How We Designed Our Developer Experience Survey
How satisfied are developers with the Braintree developer experience?
To answer this question we designed a survey that’s short, clear, and to the point. We want to share some of the survey questions, the reasoning behind them, and how we’re building the survey experience.
In the last few months, we’ve been researching how engineers experience our developer documentation. We know we have work to do. We’ve stacked the backlog chock-a-block with all the things we saw builders like yourself hating and with more of the things we saw you loving. We have plans, story points, OKRs, roadmaps, and so many more things to keep us busy this year.
We’re just missing one thing: a tangible way to know we’ve improved. How satisfied are developers with the Braintree experience?
Creating the survey
We designed a survey based on a critical constraint: collect enough data to allow statistically significant insights. This constraint informed a set of design criteria.
Design criteria
- Get value from the first click. Users drop out of surveys for many reasons. By ordering the questions by importance and capturing every interaction using an analytics tool, we can turn an abandoned survey into one with some value.
- Ask the fewest possible questions. This criterion served as a forcing factor to only ask questions that added to our overall measure: developer satisfaction.
- Treat each question as critical. It’s tempting to grab your users’ attention and then try and stretch it out as far as possible. With thoughtful design and copywriting we can respect our users’ time; hopefully, they’ll give us their attention next time, too.

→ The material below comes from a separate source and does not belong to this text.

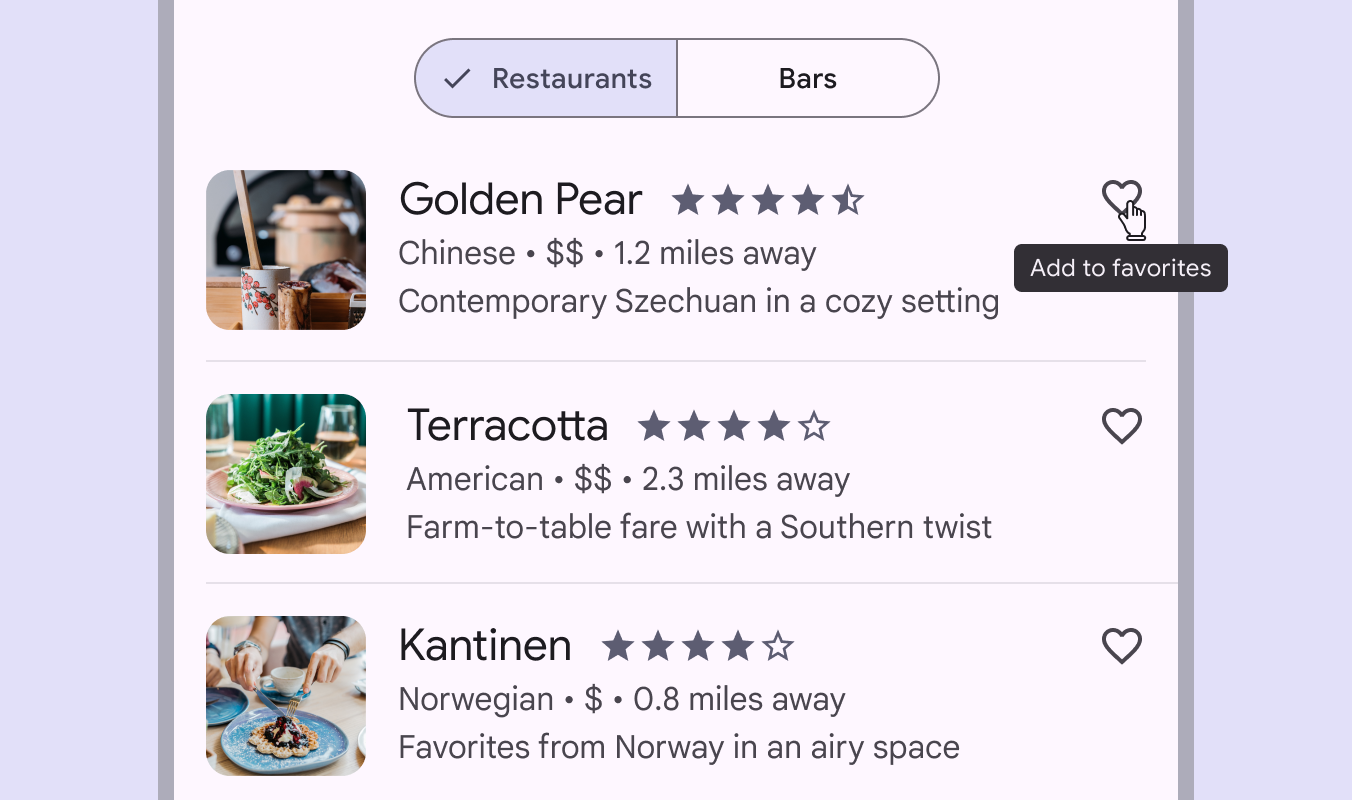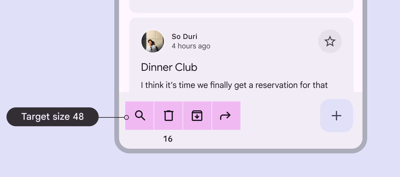 你可以把多個圖示按鈕放在一起使用,也可以單獨使用一個按鈕。為了讓使用者能夠輕鬆準確地點選到按鈕,每個圖示按鈕的可點選區域要有48dp那麼大。

- Don’t be annoying. Enough said.
The questions:
Out of the five questions, we wanted to include both satisfaction questions as well as segmentation questions that make the data useful to not only our direct team but the business as a whole.
Our three segmentation questions are:
- Sales: how big is your business?
- Behavior: what are you busy with right now?
- Product: pick the top 3 things you value in integration documentation.
Our two satisfaction questions:
- NPS style rating: How likely are you to recommend Braintree’s integration docs to other developers?
- Likert scale rating: How satisfied are you with our developer documentation so far?
We then ordered these to collect the information in order of importance. Collecting the NPS first, then understanding more about what users care about in our product, how closely we are tracking to their expectations, what phase of integration they are in, and finally, their business size.